EGPWS: sink rate. pull up.
Co-pilot: meeeh. [strained voice] I’m gonna give ya your controls okay?
Pilot: alright. my controls.
Co-pilot: your flight controls.
Pilot: # eh. [spoken in angry tone]
Pilot: watch my airspeed.
It’s easy to play Monday morning quarterback here – just go around! But anyone who has ever flown to the New York area has to admit that a go around at TEB is a big deal. Of course an accident is even a bigger deal, but if ever there were a setup for plan continuation bias, this was it.
How to prevent it
Eliminating this bias isn’t possible, but there are number of strategies for minimizing the threat. First, it’s important to have some built-in decision-making circuit breakers. Force yourself to stop periodically during your pre-flight and in-flight decision making so you can evaluate the situation in an honest way – perhaps before engine start or before beginning your descent from the final approach fix. Is the flight really progressing according to your plan? Is your decision-making being affected by how far along the flight is? How would this read in an NTSB report?
The best question to ask is, “What alternatives have I not even considered?” This was the mistake I made on my flight; I was locked into a binary go/no-go decision, when there were other options to consider, including delaying a few hours or taking a different route. Considering one of these other options might have at least removed some emotion from the decision.
Second, it’s important to be disciplined about the regulations and your own personal minimums. If your minimum is one hour of fuel in the tanks at landing, then you don’t go below that number under any circumstances. It does not matter that you have restless passengers on board, it’s getting late, or anything else. This is also where the concept of a stabilized approach comes in. You don’t have to fly a 20-mile final at Vref (unless you want the tower to yell at you), but by 500 feet AGL you should be on speed and on glidepath, ready to land. If you’re not, it’s an automatic go around.

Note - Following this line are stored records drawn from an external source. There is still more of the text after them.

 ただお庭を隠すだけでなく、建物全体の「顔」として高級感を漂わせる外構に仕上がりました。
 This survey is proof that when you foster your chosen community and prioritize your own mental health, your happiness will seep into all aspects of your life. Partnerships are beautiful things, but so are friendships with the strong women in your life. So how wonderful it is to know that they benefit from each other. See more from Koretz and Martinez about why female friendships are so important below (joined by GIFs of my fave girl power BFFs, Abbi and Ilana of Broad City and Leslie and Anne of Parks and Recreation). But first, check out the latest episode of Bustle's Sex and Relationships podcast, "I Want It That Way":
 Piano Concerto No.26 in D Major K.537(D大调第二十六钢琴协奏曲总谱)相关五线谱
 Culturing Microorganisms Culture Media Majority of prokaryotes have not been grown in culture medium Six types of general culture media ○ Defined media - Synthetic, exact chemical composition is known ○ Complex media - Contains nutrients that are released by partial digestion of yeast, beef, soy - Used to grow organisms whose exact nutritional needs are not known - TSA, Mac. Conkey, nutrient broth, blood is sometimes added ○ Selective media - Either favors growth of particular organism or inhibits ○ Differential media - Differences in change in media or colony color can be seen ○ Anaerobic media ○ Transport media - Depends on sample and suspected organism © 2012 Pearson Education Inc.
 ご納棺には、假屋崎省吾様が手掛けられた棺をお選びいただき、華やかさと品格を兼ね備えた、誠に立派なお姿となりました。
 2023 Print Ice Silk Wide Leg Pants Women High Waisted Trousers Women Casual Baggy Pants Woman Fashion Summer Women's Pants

In the MD-82 accident, the pilots ignored two of these automatic go around cues: they lost sight of the runway and the crosswind (which was 50 degrees off the runway at 30 knots, gusting to 45) clearly exceeded company SOPs. Either one of these should have caused an immediate abort, with no discussion or debate. That’s the critical point with minimums: the decisions have to be automatic. If you leave yourself much wiggle room, the human brain will go to great lengths to justify a deviation, “just this one time.”

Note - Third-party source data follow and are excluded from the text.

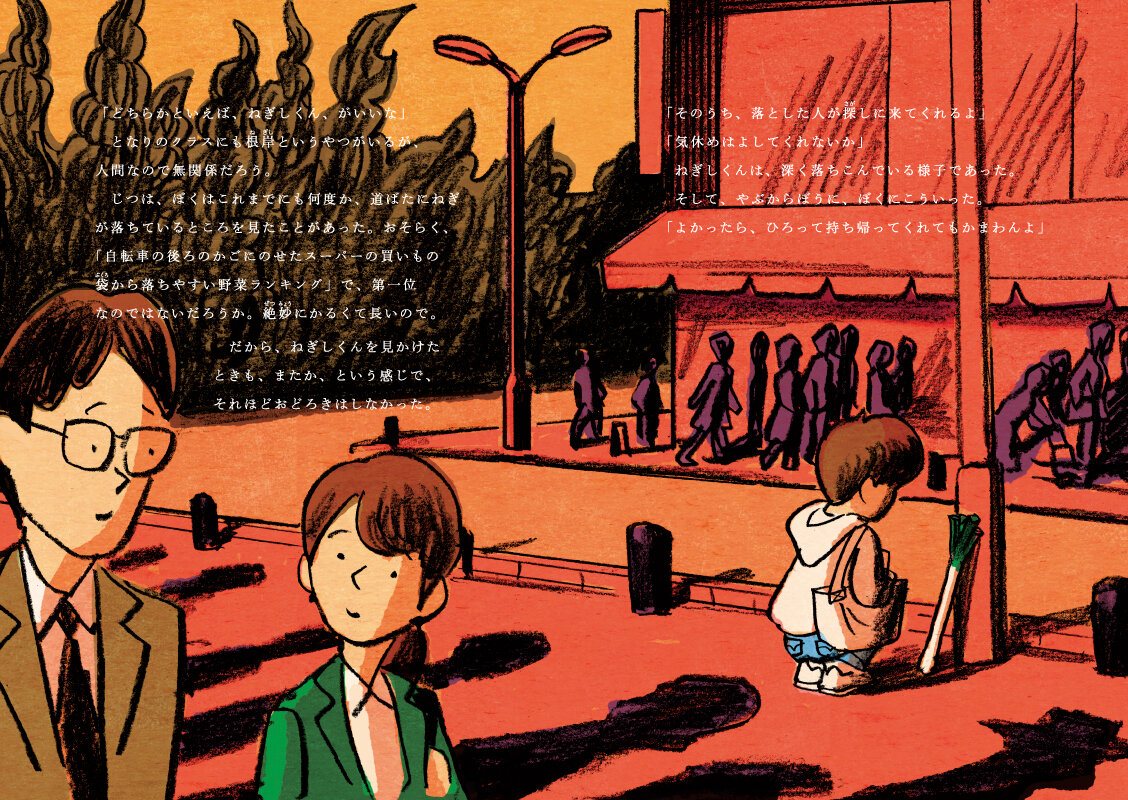 少年がまちかどに落ちたねぎを拾おうとすると、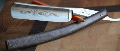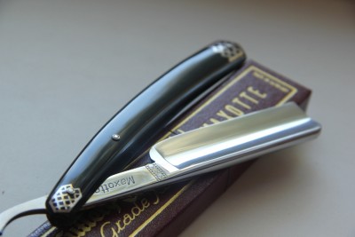 Ручку из натурального рога забрал от старого француза 19 века, почистил полотно, но без фанатизма. На лезвии остались несколько каверн( на фото видно), но это никоим образом не влияет на качество бритья. Сталь чистая, кромка чистая, без проблем. Идеальная геометрия.Бритва заточена впервые, проходит тест на рез волоса. Бритьё мягкое и комфортное.Удобный вариант для новичка и по цене-качеству.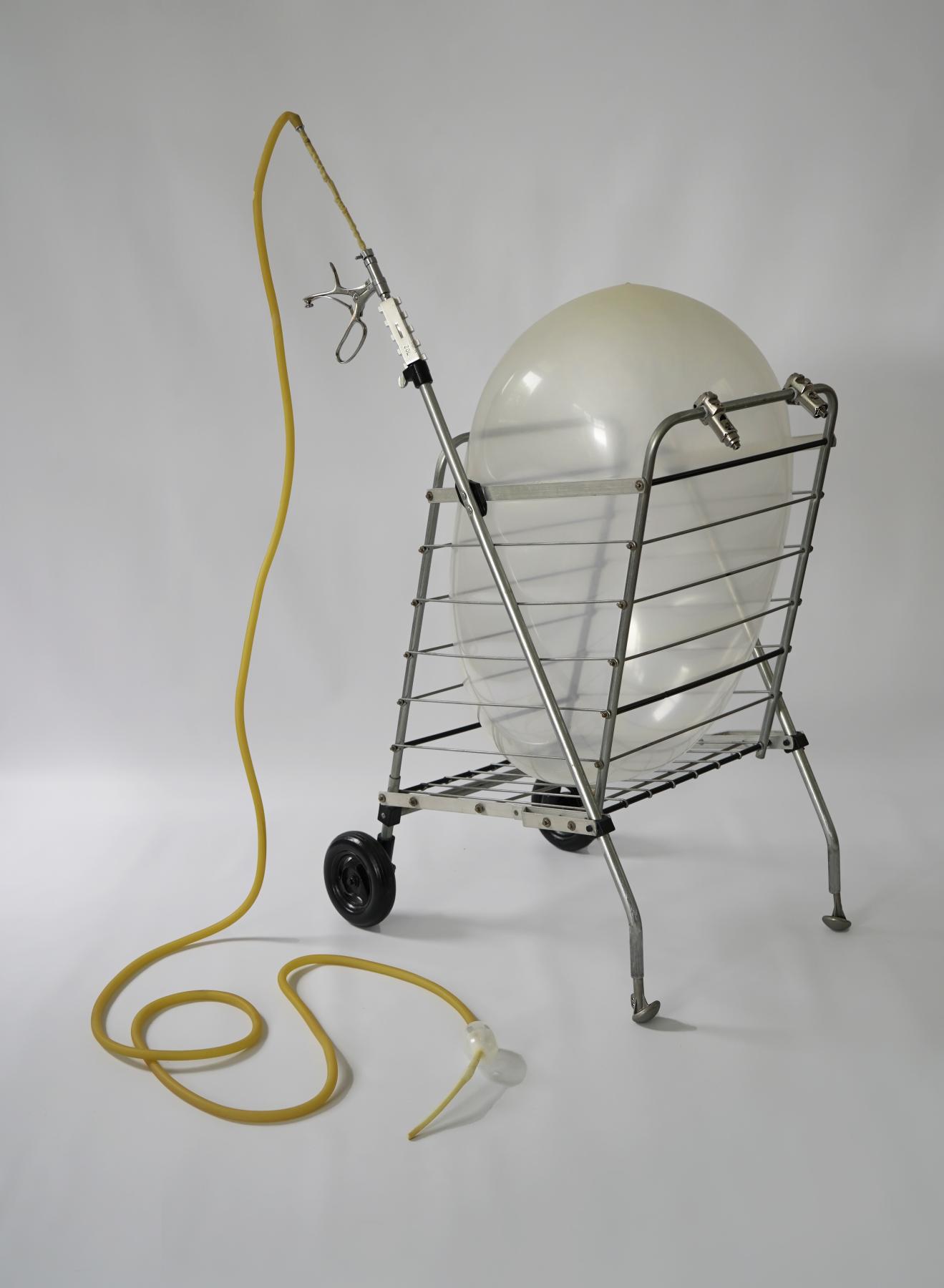 Conflicted about occupying space or adding to a crowded world Dillon builds transient forms using inflatables or organic substances. The incorporation of discarded medical and laboratory instruments suggests the fragile symbiosis between human-made and natural materials.

Another important consideration is how you manage your workload, since tunnel vision often takes hold when you are distracted or overworked. The Learjet crew was clearly in this situation, trying to fly a complicated procedure in busy airspace. Instead of accomplishing key tasks ahead of time, the pilots’ approach briefing was rushed and incomplete, without a solid plan for when to turn and descend. As a result, they ended up reacting to events instead of staying ahead of the airplane. Managing workload might even require a delay vector from ATC or a turn in a hold, just to give yourself time to think.
Finally, some pilots like to always plan an alternative when an important trip is on the calendar. This could mean packing an overnight bag (even for day trips), so there’s a little less pressure to continue when conditions change. Or it might mean buying a backup airline ticket for the return leg of a long trip. The right answer will depend on the type of flying you do, but the important point is to build some tools that help you make a more rational decision. Never sacrifice flexibility because you’re tired or rushed.
And remember, it’s never too late to turn around or go around.